WORK ITEM
Set every entry down again exactly, excluding any pictures.

RECORDS FOR THE EXERCISE
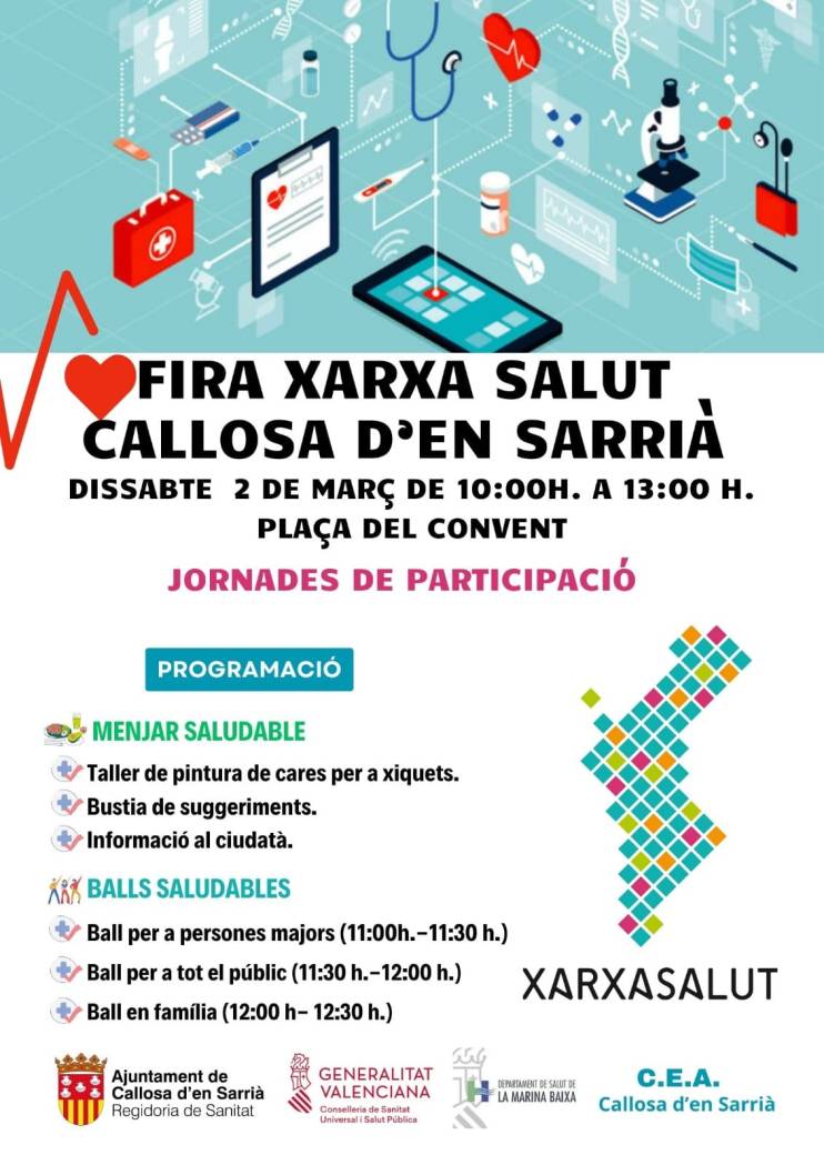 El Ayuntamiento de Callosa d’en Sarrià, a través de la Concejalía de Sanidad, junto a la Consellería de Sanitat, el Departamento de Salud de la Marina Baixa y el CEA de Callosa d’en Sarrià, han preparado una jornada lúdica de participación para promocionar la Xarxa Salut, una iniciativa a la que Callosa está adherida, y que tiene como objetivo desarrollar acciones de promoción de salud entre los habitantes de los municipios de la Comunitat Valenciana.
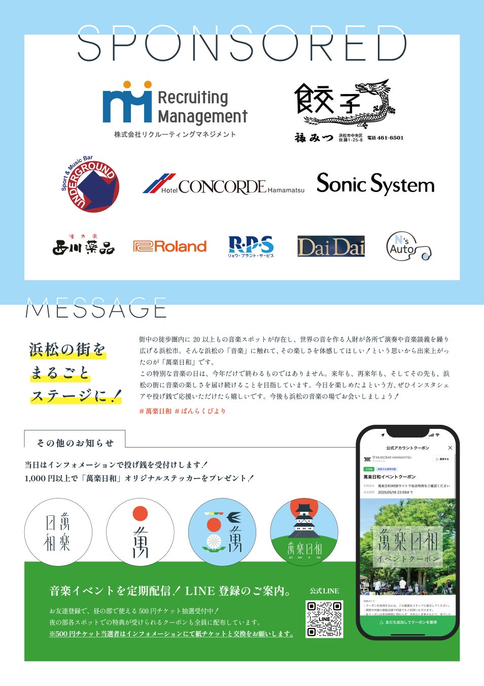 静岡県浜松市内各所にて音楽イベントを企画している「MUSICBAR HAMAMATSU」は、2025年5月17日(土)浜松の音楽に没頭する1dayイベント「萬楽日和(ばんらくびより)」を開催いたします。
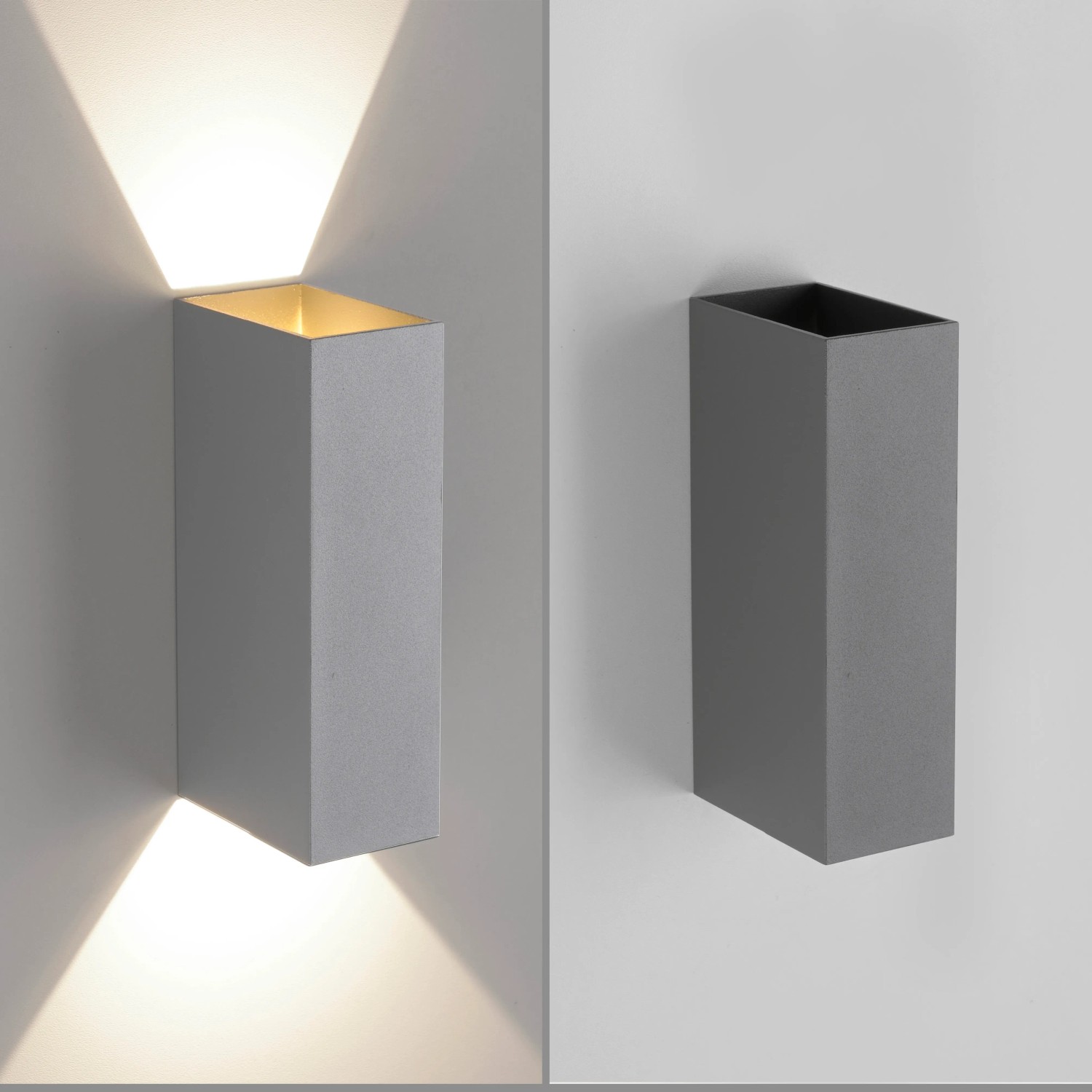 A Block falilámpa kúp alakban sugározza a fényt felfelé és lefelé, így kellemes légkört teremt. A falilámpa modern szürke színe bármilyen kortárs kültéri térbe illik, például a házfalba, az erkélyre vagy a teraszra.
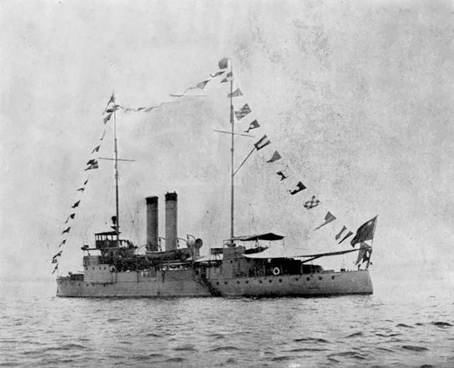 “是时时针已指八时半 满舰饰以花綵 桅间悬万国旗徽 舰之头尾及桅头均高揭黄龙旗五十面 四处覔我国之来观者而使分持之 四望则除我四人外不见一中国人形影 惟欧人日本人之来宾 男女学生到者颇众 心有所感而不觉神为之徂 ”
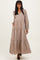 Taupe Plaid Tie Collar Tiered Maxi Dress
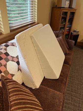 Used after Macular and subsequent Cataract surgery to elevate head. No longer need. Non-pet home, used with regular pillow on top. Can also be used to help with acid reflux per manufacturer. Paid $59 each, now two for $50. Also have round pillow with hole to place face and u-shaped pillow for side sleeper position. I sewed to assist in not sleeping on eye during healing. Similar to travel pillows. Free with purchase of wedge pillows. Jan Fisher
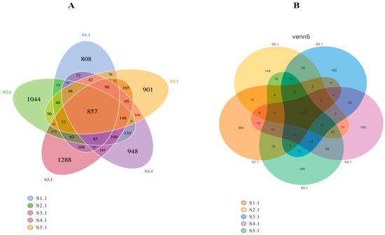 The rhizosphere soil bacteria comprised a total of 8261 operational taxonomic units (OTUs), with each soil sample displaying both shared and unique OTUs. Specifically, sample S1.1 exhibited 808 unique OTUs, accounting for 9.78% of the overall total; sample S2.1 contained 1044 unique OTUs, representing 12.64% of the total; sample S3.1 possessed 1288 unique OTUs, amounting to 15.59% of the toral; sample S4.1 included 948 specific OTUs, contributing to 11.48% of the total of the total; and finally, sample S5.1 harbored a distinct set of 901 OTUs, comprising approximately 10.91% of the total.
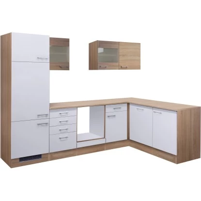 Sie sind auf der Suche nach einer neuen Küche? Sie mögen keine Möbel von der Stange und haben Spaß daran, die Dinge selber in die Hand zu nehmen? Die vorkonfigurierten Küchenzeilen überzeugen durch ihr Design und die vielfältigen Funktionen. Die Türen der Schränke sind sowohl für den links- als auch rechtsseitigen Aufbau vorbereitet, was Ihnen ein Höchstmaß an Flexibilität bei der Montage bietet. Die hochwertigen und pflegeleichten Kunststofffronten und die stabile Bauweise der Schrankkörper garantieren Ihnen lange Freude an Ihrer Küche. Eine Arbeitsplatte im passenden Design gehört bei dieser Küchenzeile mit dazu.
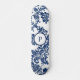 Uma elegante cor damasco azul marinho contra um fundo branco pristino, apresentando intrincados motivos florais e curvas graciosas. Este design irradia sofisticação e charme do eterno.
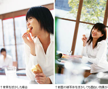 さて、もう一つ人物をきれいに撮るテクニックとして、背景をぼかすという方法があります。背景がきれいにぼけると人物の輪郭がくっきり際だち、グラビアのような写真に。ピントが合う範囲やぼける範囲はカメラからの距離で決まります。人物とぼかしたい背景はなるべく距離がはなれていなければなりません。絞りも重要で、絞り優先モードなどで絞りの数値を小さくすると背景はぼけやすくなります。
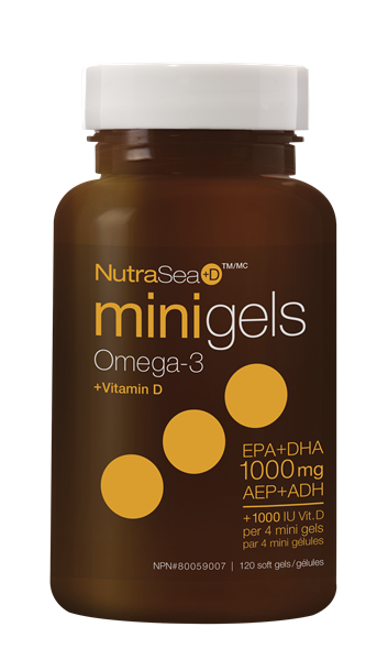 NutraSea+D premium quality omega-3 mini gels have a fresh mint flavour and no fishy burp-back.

YOUR RESPONSE
 El Ayuntamiento de Callosa d’en Sarrià, a través de la Concejalía de Sanidad, junto a la Consellería de Sanitat, el Departamento de Salud de la Marina Baixa y el CEA de Callosa d’en Sarrià, han preparado una jornada lúdica de participación para promocionar la Xarxa Salut, una iniciativa a la que Callosa está adherida, y que tiene como objetivo desarrollar acciones de promoción de salud entre los habitantes de los municipios de la Comunitat Valenciana.
 静岡県浜松市内各所にて音楽イベントを企画している「MUSICBAR HAMAMATSU」は、2025年5月17日(土)浜松の音楽に没頭する1dayイベント「萬楽日和(ばんらくびより)」を開催いたします。
 A Block falilámpa kúp alakban sugározza a fényt felfelé és lefelé, így kellemes légkört teremt. A falilámpa modern szürke színe bármilyen kortárs kültéri térbe illik, például a házfalba, az erkélyre vagy a teraszra.
 “是时时针已指八时半 满舰饰以花綵 桅间悬万国旗徽 舰之头尾及桅头均高揭黄龙旗五十面 四处覔我国之来观者而使分持之 四望则除我四人外不见一中国人形影 惟欧人日本人之来宾 男女学生到者颇众 心有所感而不觉神为之徂 ”
 Taupe Plaid Tie Collar Tiered Maxi Dress
 Used after Macular and subsequent Cataract surgery to elevate head. No longer need. Non-pet home, used with regular pillow on top. Can also be used to help with acid reflux per manufacturer. Paid $59 each, now two for $50. Also have round pillow with hole to place face and u-shaped pillow for side sleeper position. I sewed to assist in not sleeping on eye during healing. Similar to travel pillows. Free with purchase of wedge pillows. Jan Fisher
 The rhizosphere soil bacteria comprised a total of 8261 operational taxonomic units (OTUs), with each soil sample displaying both shared and unique OTUs. Specifically, sample S1.1 exhibited 808 unique OTUs, accounting for 9.78% of the overall total; sample S2.1 contained 1044 unique OTUs, representing 12.64% of the total; sample S3.1 possessed 1288 unique OTUs, amounting to 15.59% of the toral; sample S4.1 included 948 specific OTUs, contributing to 11.48% of the total of the total; and finally, sample S5.1 harbored a distinct set of 901 OTUs, comprising approximately 10.91% of the total.
 Sie sind auf der Suche nach einer neuen Küche? Sie mögen keine Möbel von der Stange und haben Spaß daran, die Dinge selber in die Hand zu nehmen? Die vorkonfigurierten Küchenzeilen überzeugen durch ihr Design und die vielfältigen Funktionen. Die Türen der Schränke sind sowohl für den links- als auch rechtsseitigen Aufbau vorbereitet, was Ihnen ein Höchstmaß an Flexibilität bei der Montage bietet. Die hochwertigen und pflegeleichten Kunststofffronten und die stabile Bauweise der Schrankkörper garantieren Ihnen lange Freude an Ihrer Küche. Eine Arbeitsplatte im passenden Design gehört bei dieser Küchenzeile mit dazu.
 Uma elegante cor damasco azul marinho contra um fundo branco pristino, apresentando intrincados motivos florais e curvas graciosas. Este design irradia sofisticação e charme do eterno.
 さて、もう一つ人物をきれいに撮るテクニックとして、背景をぼかすという方法があります。背景がきれいにぼけると人物の輪郭がくっきり際だち、グラビアのような写真に。ピントが合う範囲やぼける範囲はカメラからの距離で決まります。人物とぼかしたい背景はなるべく距離がはなれていなければなりません。絞りも重要で、絞り優先モードなどで絞りの数値を小さくすると背景はぼけやすくなります。
 NutraSea+D premium quality omega-3 mini gels have a fresh mint flavour and no fishy burp-back.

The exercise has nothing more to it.